### Task
Extract only the lines running from the top of the entries to the line that holds "仁武區文學路一段(文南街以南) 單向一快一慢及路肩(車輛可停於路肩)". Include that line and omit the pictures.

### Recorded data
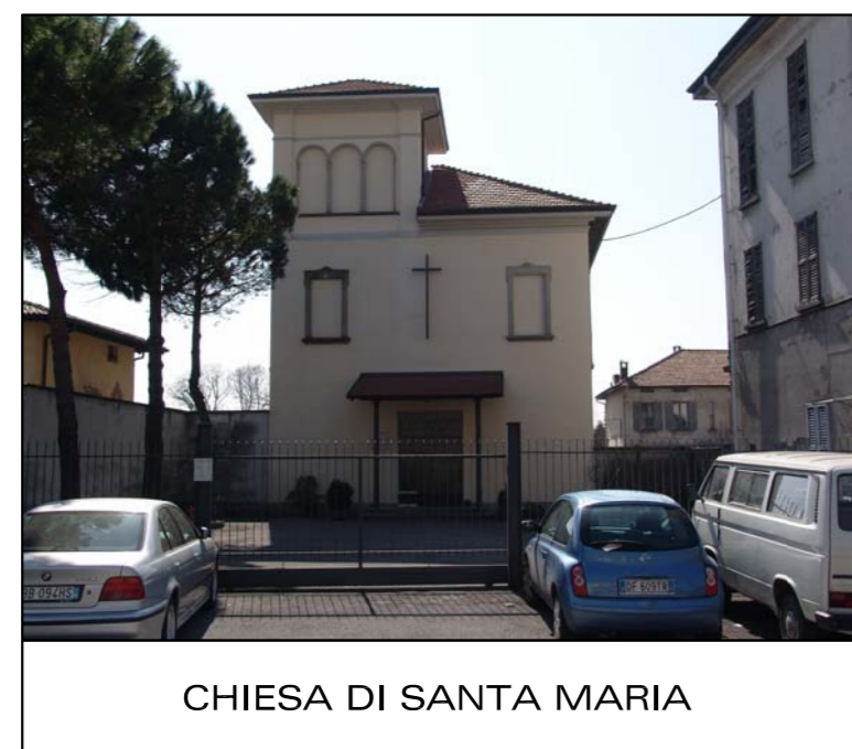
CHIESA DI SANTA MARIA
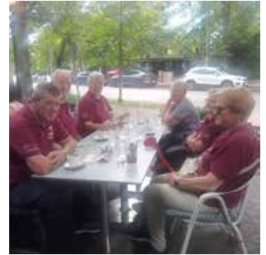
Bilder oben: Graz-Fahrt
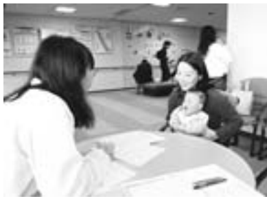
▲効果の高い予防接種に公費助成を

答（市長）：予防接種は、伝染の恐れがある病気の発生や社会流行を防ぎ、重要なものであると認識しています。現在、予防接種法に基づかない予防接種は「任意の予防接種」となり、個人の判断のもとで病院や診療所で実施しています。ご指摘のとおり一部の自治体において、任意の予防接種に対して費用の助成を行っているところもありますが、
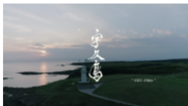
観光動画「宇久島」タイトル
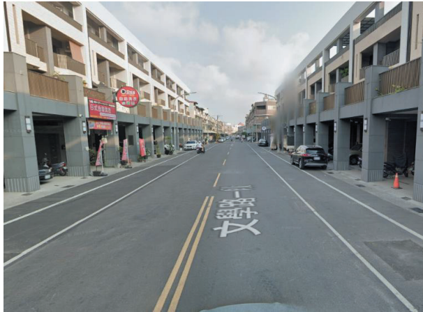
仁武區文學路一段(文南街以南) 單向一快一慢及路肩(車輛可停於路肩)
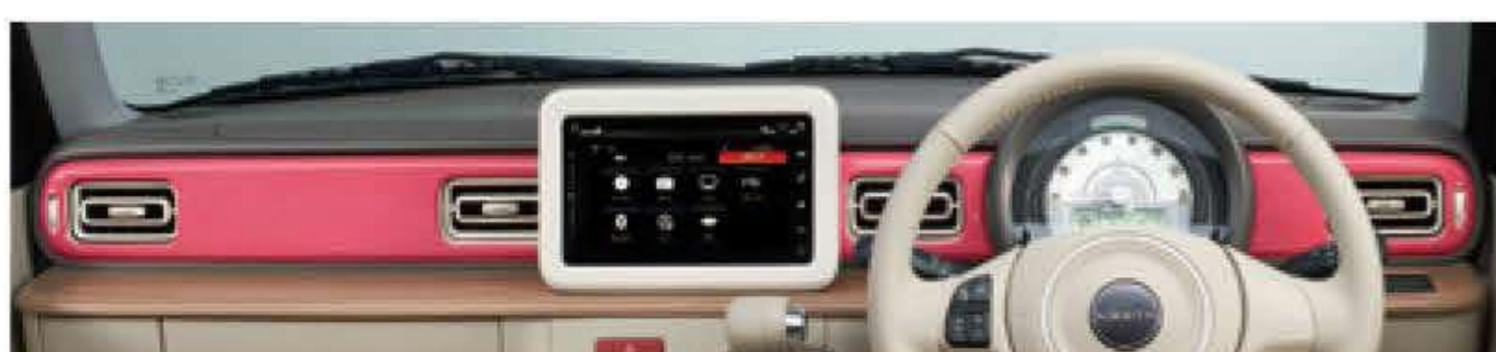
キャンディピンク
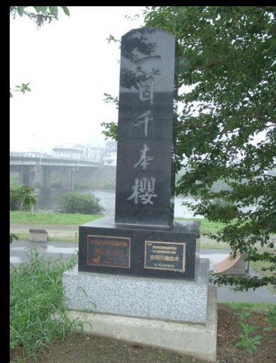
「一目千本桜」 記念碑
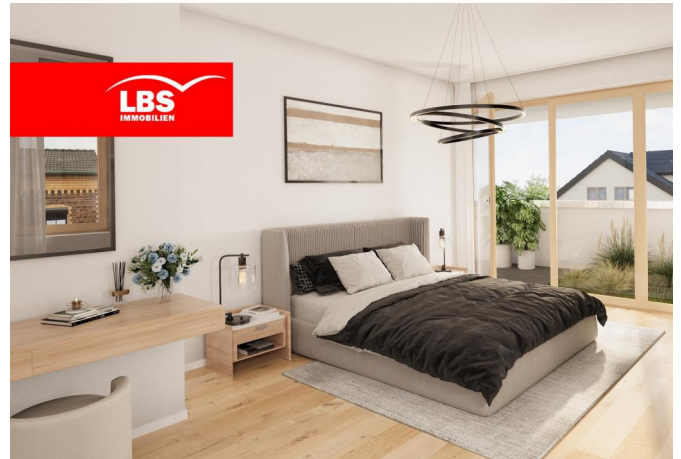
Musterwohnung WE 19
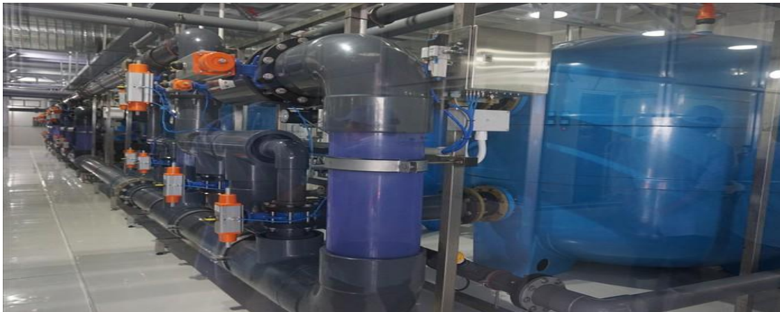
Nhà máy xử lý nước công nghệ cao áp dụng cho sản xuất tôm giống lớn nhất Việt Nam tại Việt Úc Bạc Liêu.
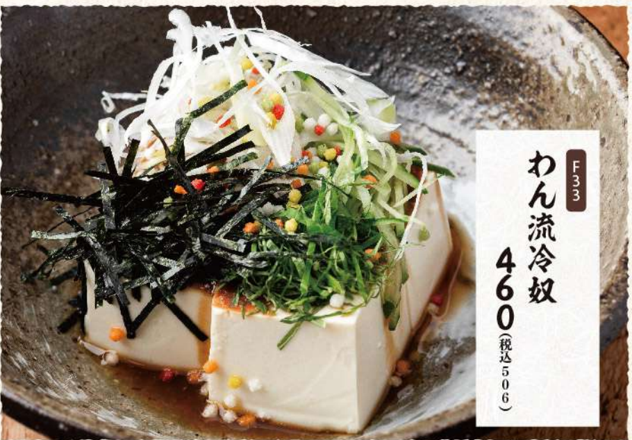
F33 わん流冷奴 460 (税込506)
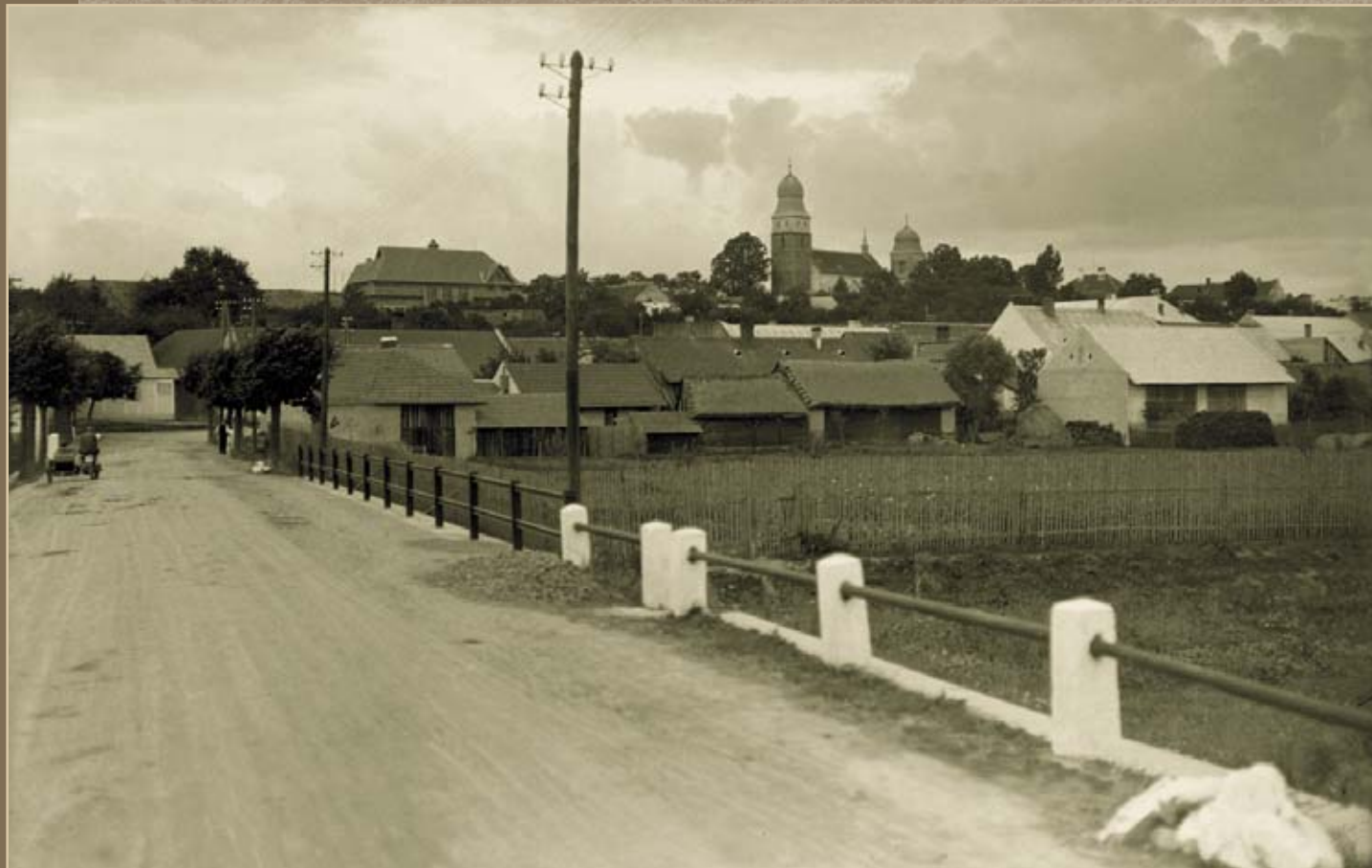
Pohled ke kdysi obávané křižovatce na konci Lánci tentokrát z tzv. meziříčského mostu. V jeho starším pojetí z konce dvacátých let 20. století zaujme, jak se na něm prolíná Bíteš historická zastupovaná pásem doškových stodol s Bíteší moderní reprezentovanou architektonicky neotřelou budovou sokolovny v nové
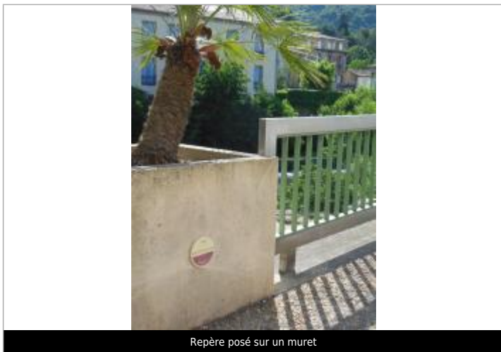
Repère posé sur un muret

Texte : 1963 Maximum de l'inondation : Oui Visibilité : Oui État du repère : Bon Pérennité : Longue
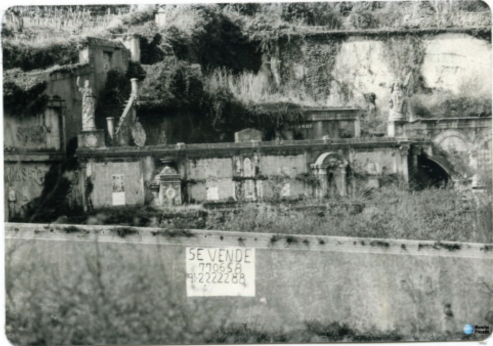
Fig. 4.- Vista xeral do Parque do Pasatempo nos seus anos de abandono. Arquivo AAPP.

simbólicas do parque brigantino, será a que acubille os coñecementos que ten que adquirir todo mestre masón.
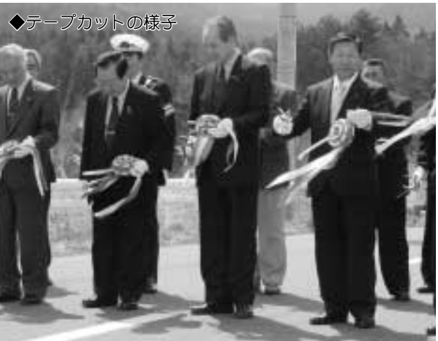
◆テープカットの様子

階上岳は四季を通じて誰でも楽しめる山ですが、自然を甘く見ず、十分な準備をしてから入山しましょう。

### Exercise output
CHIESA DI SANTA MARIA
Bilder oben: Graz-Fahrt
▲効果の高い予防接種に公費助成を

答（市長）：予防接種は、伝染の恐れがある病気の発生や社会流行を防ぎ、重要なものであると認識しています。現在、予防接種法に基づかない予防接種は「任意の予防接種」となり、個人の判断のもとで病院や診療所で実施しています。ご指摘のとおり一部の自治体において、任意の予防接種に対して費用の助成を行っているところもありますが、
観光動画「宇久島」タイトル
仁武區文學路一段(文南街以南) 單向一快一慢及路肩(車輛可停於路肩)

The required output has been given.